Is the Outback Comet 57cm a real budget option or false economy?
It’s a real budget option at £140 — porcelain-enamelled steel, 57cm cooking surface, lid thermometer, ash collector, Argos distribution. Lower spec than a Weber but higher quality than no-name supermarket kettles. The alternative at the same price is a used Weber Master-Touch from Facebook Marketplace, which is the better buy if used works for you.
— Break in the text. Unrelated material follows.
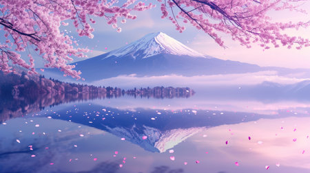 A majestic snow-capped Mount Fuji stands tall in the distance, framed by a vibrant display of delicate pink cherry blossoms. The gentle breeze carries petals through the air, creating a dreamy, ethereal scene.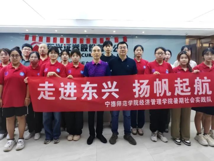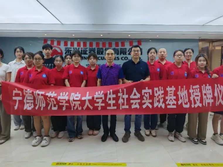7月10日,“乘风破浪,就业寻访”社会实践队指导老师刘涛和10名队员于东兴证券股份有限公司宁德营业部参与宁德师范学院大学生社会实践基地授牌仪式,由宁德师范学院经济管理学院党委书记、院长郑立文向东兴证券股份有限公司宁德营业部负责人郑晨炜授牌。

Briquettes or lump charcoal on a kettle?
Briquettes are Weber’s intended fuel and the more predictable choice for a kettle — they burn longer and at a more uniform temperature than lump. Lump charcoal works fine on a kettle but burns faster, so you refuel more often. For 4-hour-plus cooks, briquettes are easier; for direct grilling, both work.

Sources & methodology

The Tested-leaning anchor is the Weber Master-Touch, drawn from my own ownership and the published Master-Touch review. The five Consensus picks lean on the following named sources, current as of 27 May 2026:

  • Wirecutter — long-standing recommendation of the Weber Original Kettle 22-inch as the best kettle full stop (US-context but build-quality argument transfers to the 57cm UK variant).
  • Weber UK — official product spec, current pricing, and the Performer Premium Smart launch details (April 2026).
  • T3 magazine — “Weber’s 2026 barbecue line-up is finally here” launch coverage (15 May 2026).
  • The BBQ Magazine — UK trade press coverage of the Weber 2026 range.
  • Napoleon UK — official Pro Charcoal Kettle spec and PRO22K-LEG-3 model number confirmation.
  • SnS Grills — Slow ‘N Sear product line including the Black Edition Kettle and the MasterKettle variant.
  • Argos / AppliancesDirect / Longacres / Smyth Patterson — Outback Comet UK distribution and pricing.
  • Forum signal — r/UKBBQ, BBQ Brethren, PistonHeads, and the WoodSmoke Forum for owner-driven verdicts on the Master-Touch, Original Kettle, and Slow ‘N Sear Kettle.

Provenance and editorial integrity. Smoke and Lump is a UK BBQ publication. This guide pairs one Tested-leaning recommendation (the Weber Master-Touch — Ben Austen has cooked on Webers multiple times and previously owned a Master-Touch, does not currently own one) with five Consensus picks built from the named sources in the Sources & methodology section above. No commission has been earned on any link in this guide. Smoke and Lump has not yet been accepted into a Weber, Napoleon, SnS Grills, or Outback affiliate programme; all retailer links are plain external URLs at the time of writing. When affiliate programmes are accepted, links will be updated to commission-earning equivalents and this disclosure will be revised accordingly — see the /disclosures/ page for the standing site-wide disclosure log. Editorial position: a kit is recommended only if Ben would buy it (or has bought it) himself. Affiliate income does not influence rankings.

Final verdict

For most UK buyers, the answer is the Weber Master-Touch GBS E-5755 57cm at ~£299. It’s the kettle I cooked on for three summers and the kettle the considered first-time charcoal buyer should anchor on. Pay £100 less for the Original Kettle Premium if you don’t need the GBS centre. Pay £250 more for the Napoleon Pro Charcoal Kettle if your patio doesn’t have shelter. Pay £200 more for the Slow ‘N Sear Kettle if low-and-slow is the cook you want to learn. Pay £420 more for the Weber Performer Premium Smart if vent-fiddling has become tedious. Pay £160 less for the Outback Comet if budget is the load-bearing constraint and used isn’t an option. The editorial spine across all six: cook on the unit before you buy it if you can, otherwise buy the unit that’s been cooked on most.